Additionally, implementations are allowed but not required to support the other six axes from XPath: ancestor, ancestor-or-self, following, following-sibling, preceding, and preceding-sibling. The first two of these are the inverses of descendant and descendant-or-self axes. They select all the ancestors of the current node (ancestor-or-self includes the node itself).

The following and preceding axes select all the nodes in the same document as the current context node that occur before and after it, respectively. There's really no reason to use them in XQuery, because the >> and << node comparison operators allow you to write the same meaning more compactly (see Chapter 5).

Finally, the following-sibling and preceding-sibling axes restrict their selections to the siblings of the current context node (that is, those nodes having the same parent as it).

3.2.5 Predicates

The third and final part of each navigation step consists of zero or more predicates. Like the node test, each predicate acts as a filter on the selected nodes, eliminating some from consideration and keeping the rest. For each node selected by the current step, the current context item is set to that node and then the predicate condition is evaluated with that context.

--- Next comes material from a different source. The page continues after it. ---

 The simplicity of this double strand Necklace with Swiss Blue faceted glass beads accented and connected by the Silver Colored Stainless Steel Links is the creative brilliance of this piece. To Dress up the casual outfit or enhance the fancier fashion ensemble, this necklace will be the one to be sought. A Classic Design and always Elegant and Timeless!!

Any XQuery expression may be used inside a predicate; the meaning of the predicate depends on the type of the expression it contains. There are two cases: numeric and boolean predicates.

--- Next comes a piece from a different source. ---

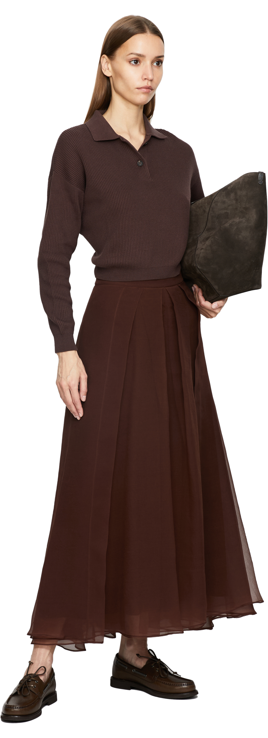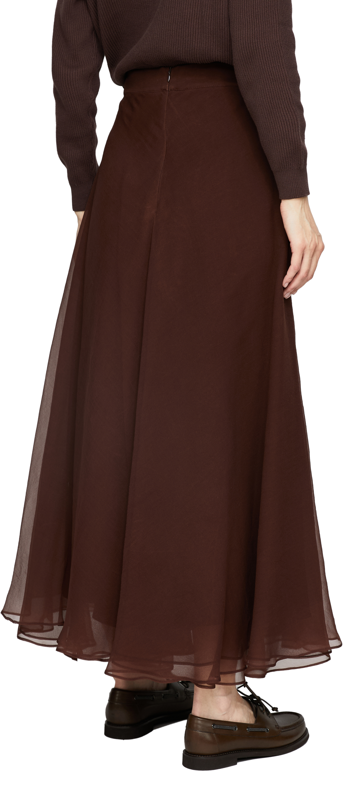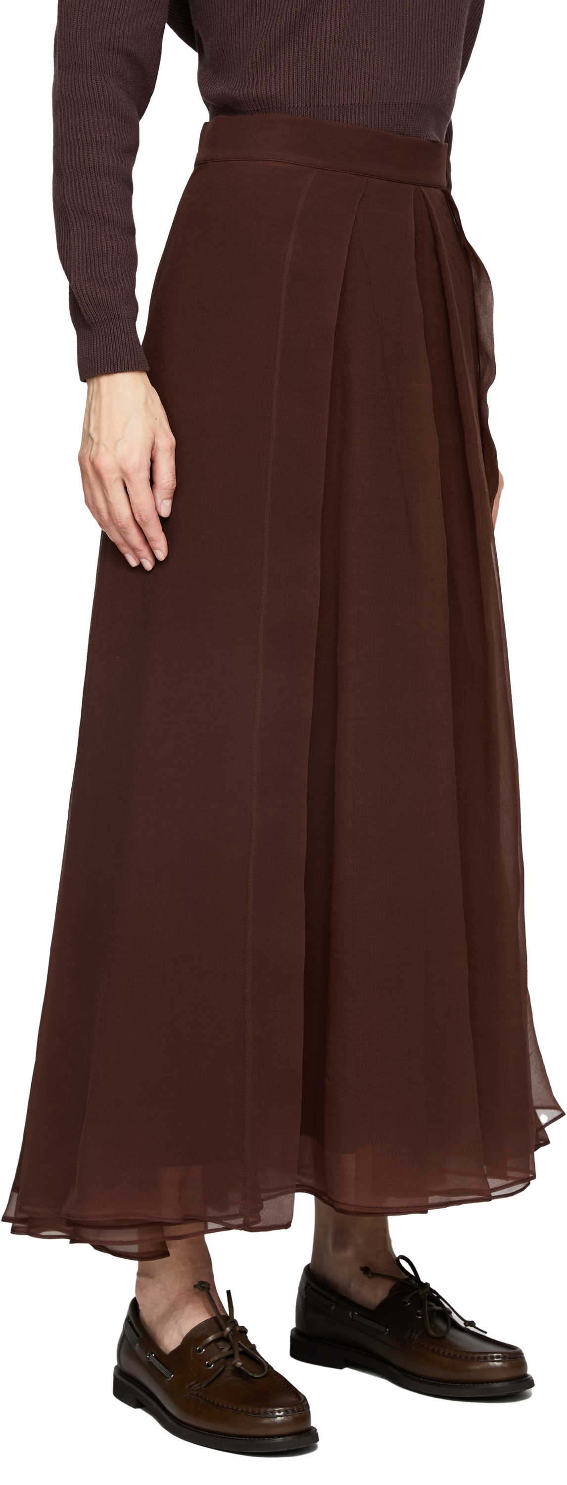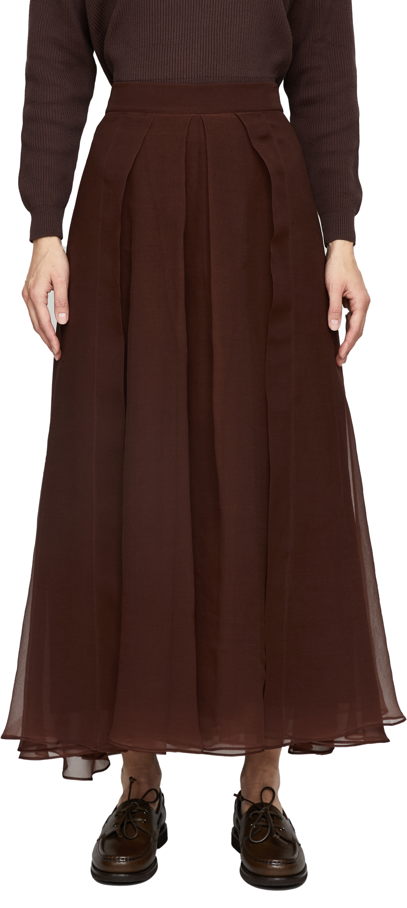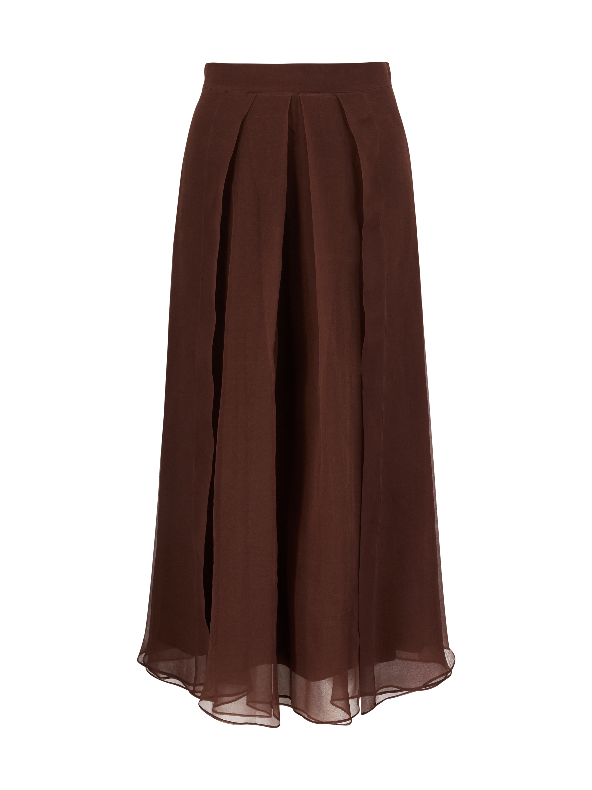 Dieser Midirock in Bordeaux von Brunello Cucinelli wurde aus feinster Seide gefertigt und besticht durch das leichte Material und die eleganten Bundfalten. Die Midilänge und die ausgestellte Silhouette verleihen dem Design einen stilvollen, zärtlichen Look.

3.2.5.1 Numeric Predicates

Numeric predicates select nodes by their position in the current context. For example, /x/y[1] selects the first y child element of each x element. As this example demonstrates, predicates bind tightly to the current step. To apply a predicate to the entire results of a path, you must use parentheses. For example, (/x/y)[1] selects the first y element out of all the nodes selected by /x/y.

Because paths can start with other kinds of expressions, such as parenthesized expressions, predicates can be applied to more than just sequences of nodes. For example, the expression ("a", "b", "c")[2] selects the second item in the sequence, the string "b".

Numeric predicates, like the ones in Listing 3.4, filter by position. In general, when a predicate evaluates to a number N, it's as if the predicate were actually the boolean-valued predicate position()=N. For example, the path /x[1] is equivalent to the path /x[position() = 1]. This expansion applies not only to numeric constants, but also to any numeric-typed expression. For example, the path /x[@y + 1] is equivalent to the path /x[position() = @y + 1].

Listing 3.4. Numeric predicates filter by position

(//Customer)[2]
Fruit[@index + 1]

The position is 1-based (the first item in the sequence is at position 1). When the predicate evaluates to a non-integral value, a value less than 1, or a value greater than the length of the sequence, then the predicate will be false for all items in the sequence and the result will be the empty sequence. In other words, it isn't an error to select an index that is out of bounds for the sequence.

3.2.5.2 Boolean Predicates

All other kinds of predicate expressions, such as the ones in Listing 3.5, filter a sequence so that only those items for which the predicate evaluates to true are kept. The predicate is converted to a boolean value by computing the Effective Boolean Value of the expression.

Listing 3.5. All other predicates filter as boolean conditions

/x[@a=1 and @b=1]
/x[@a=1]/y[@b < 2]

As described in Section 2.6.2, the Effective Boolean Value acts as an existence test on sequences. Consequently, when the predicate is itself a path, the predicate evaluates to true if and only if the node(s) selected by that path exist. For example, x[y] matches all x elements that have a y child element, and x[not(@y)] matches all x elements that don't have a y attribute.

3.2.5.3 Successive and Nested Predicates

Several predicates can be applied to a step, with the effect that each predicate is evaluated with respect to the nodes remaining after the previous predicate. The order of evaluation of the predicates is always left to right, which matters only when computing positional predicates. For example, the path x[1][@y=2] selects the first x element (if there is one), and then only if that element has a y attribute whose value is 2; while the path x[@y=2][1] selects all x elements that have a y attribute whose value is 2, and then from that set selects the first one. Over the XML <x y="3"/><x y="2"/> the first path selects nothing (because the first x element has y="3"), while the second path selects the second element.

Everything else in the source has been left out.